Effect of osmolytes on rGrnB conformation. (A) Far UV CD spectra of rGrnB measured in the presence of increasing concentrations of TFE. (Inset) The difference in the ellipticities between 208 and 222 nm (helix) for each TFE concentration plotted against the concentration of TFE. The data were fitted with Boltzman's sigmoidal equation to obtain a melting concentration of 16 ± 5% TFE. (B) Far UV CD spectra of rGrnB in the presence of increasing concentrations of trimethylamine N-oxide (TMAO).

Fig. 5

Dimerization of rGrnB. (A) Molecular size distribution of rGrnB at 100 μM obtained by sedimentation velocity indicates a predominant dimer (MW 13.1 kDa). (Inset) Native PAGE analysis of rGrnB at 100 μM run on a 14% gel indicates a diffuse dimeric band corresponding to ∼13 kDa, based on the Aβ sample electrophoresed in parallel for which monomer (M: 4.5 kDa), dimer (D: 9.0 kDa) and trimer (T: 13.5 kDa) are observed. (B, D) rGrnB (closed circle) concentration-dependent ANS binding and intrinsic tryptophan fluorescence, respectively. The normalized fluorescence was plotted against protein concentration, and data were fitted (solid line) to a monomer–dimer model as described in Supplementary data. Bovine serum albumin (BSA) (open circle) was used as a negative control. (Inset) (B) Representative normalized ANS fluorescence scans of 25 and 1 μM rGrnB. (C) Representative normalized tryptophan fluorescence scans of 25 and 1 μM rGrnB. E, Normalized Stern-Volmer plots for 10 μM (closed circle) and 100 μM (open circle) rGrnB using acrylamide as the quenching agent.

Fig. 6

Effect of rGrnB on NF-κB activation in SH-SY5Y cells.
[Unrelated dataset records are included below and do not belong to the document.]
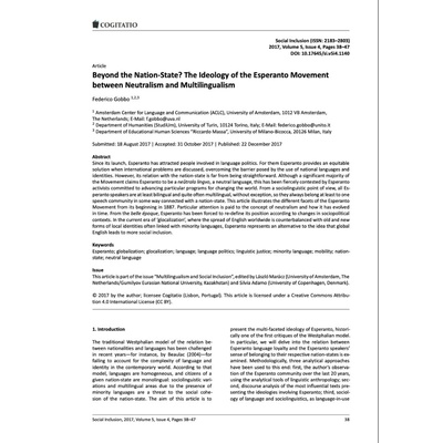 In der aktuellen Phase (1946-heute) definierte sich die Bewegung als Reaktion auf das Kriegsgeschehen neu und versuchte, Esperanto als eine der Arbeitssprachen der UN zu etablieren. Obwohl dies erfolglos blieb, verfestigte sich dadurch endgültig der französische Neutralismus in seiner Anerkennung des Primats der Nationalstaaten. Durch das Aufkommen des Englischen als de facto Lingua franca konnte die Sprache nie die Verbreitung erreichen, auf die sie während ihrer Anfangszeit abzielte. Nach einigem Ringen habe sich die Sprachgemeinschaft mit dieser Situation arrangiert, so Gobbo, und neben einigen kurzlebigen Territorialbestrebungen in Neutral-Moresnet südwestlich von Aachen oder auf der Roseninsel vor Rimini verortet man Esperantujo („Esperantoland“) seit den 1990ern in den Individuen selbst. Sprecher*innen des Esperanto sind per se mehrsprachig und häufig sogar polyglott: Gobbo nennt einen Durchschnitt von 3,3 Sprachen – unter modernen Esperantist*innen gebe es ein Bewusstsein für den Wert von Mehrsprachigkeit, und wer seine Begeisterung für eine Sprache einsetzt, tue dies häufig auch für die Rechte anderer, ihre jeweilige Sprache zu erhalten.
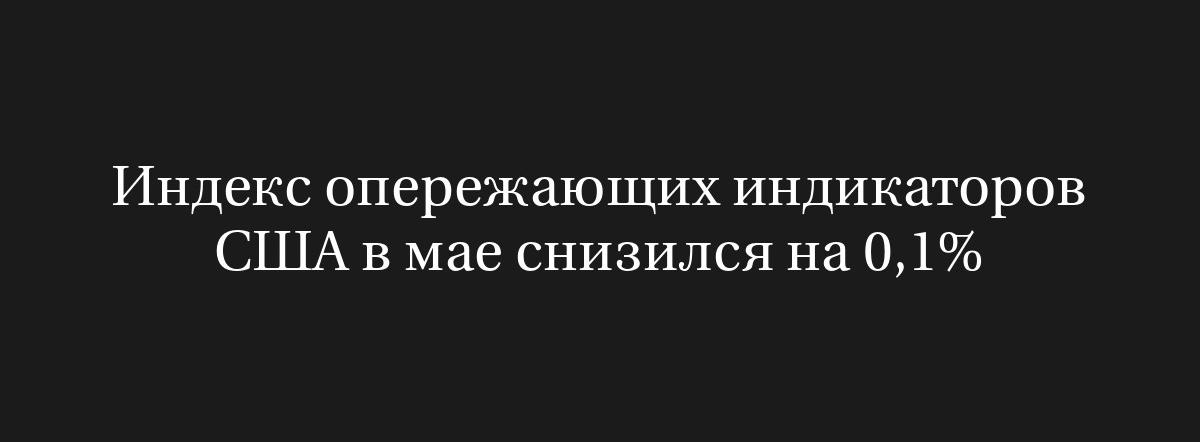 20 июня (Рейтер) – В мае индекс опережающих экономических индикаторов в США снизился на 0,1% по сравнению с апрелем, как передало в пятницу частное исследовательское учреждение Conference Board.
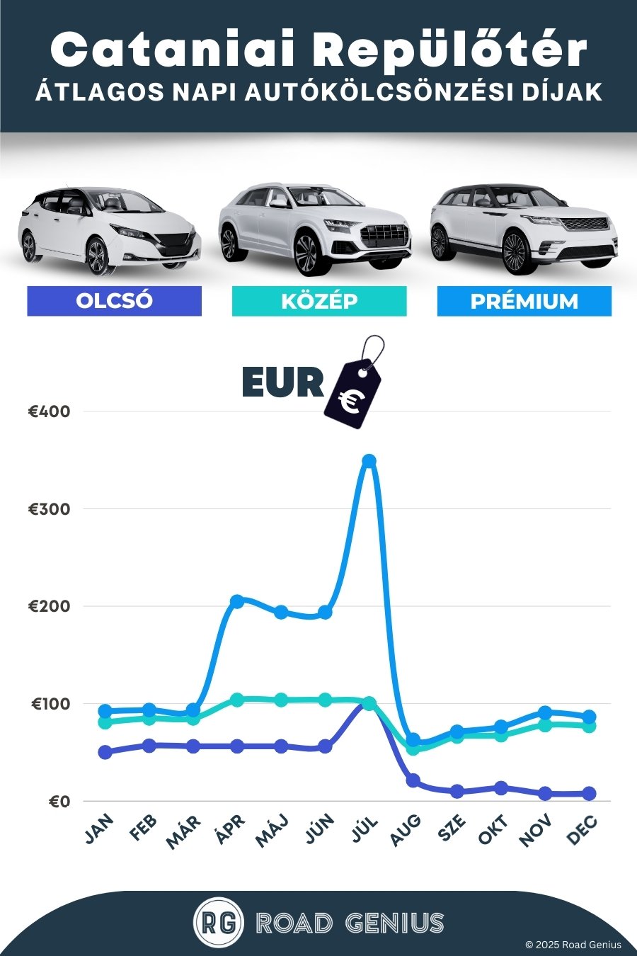 Átlagosan az autóbérlés Catania Airport-on körülbelül 86 € naponta kerül, a legolcsóbb bérleti díjak pedig 8 €-tól indulnak naponta.

SH-SY5Y cells were incubated alone (control, A–C) or in the presence of 0.02 (D–F), 0.2 (G–I), 0.5 (J–L), 0.8 (not shown), 1 (not shown), or 2 μM (M–O) rGrnB. Immunofluorescence staining was performed for the activated form of NF-κB in conjunction with nuclear DAPI staining. Scale bars = 50 μm. Inserts located in top left corners represent ×1.5 magnification. (P) Activated NF-κB staining intensity per cell was analyzed using a custom MATLAB routine as described in the Experimental procedures. Results are reported relative to the control. Error bars indicate SEM, n = 3–4. *P < 0.05, relative to the control.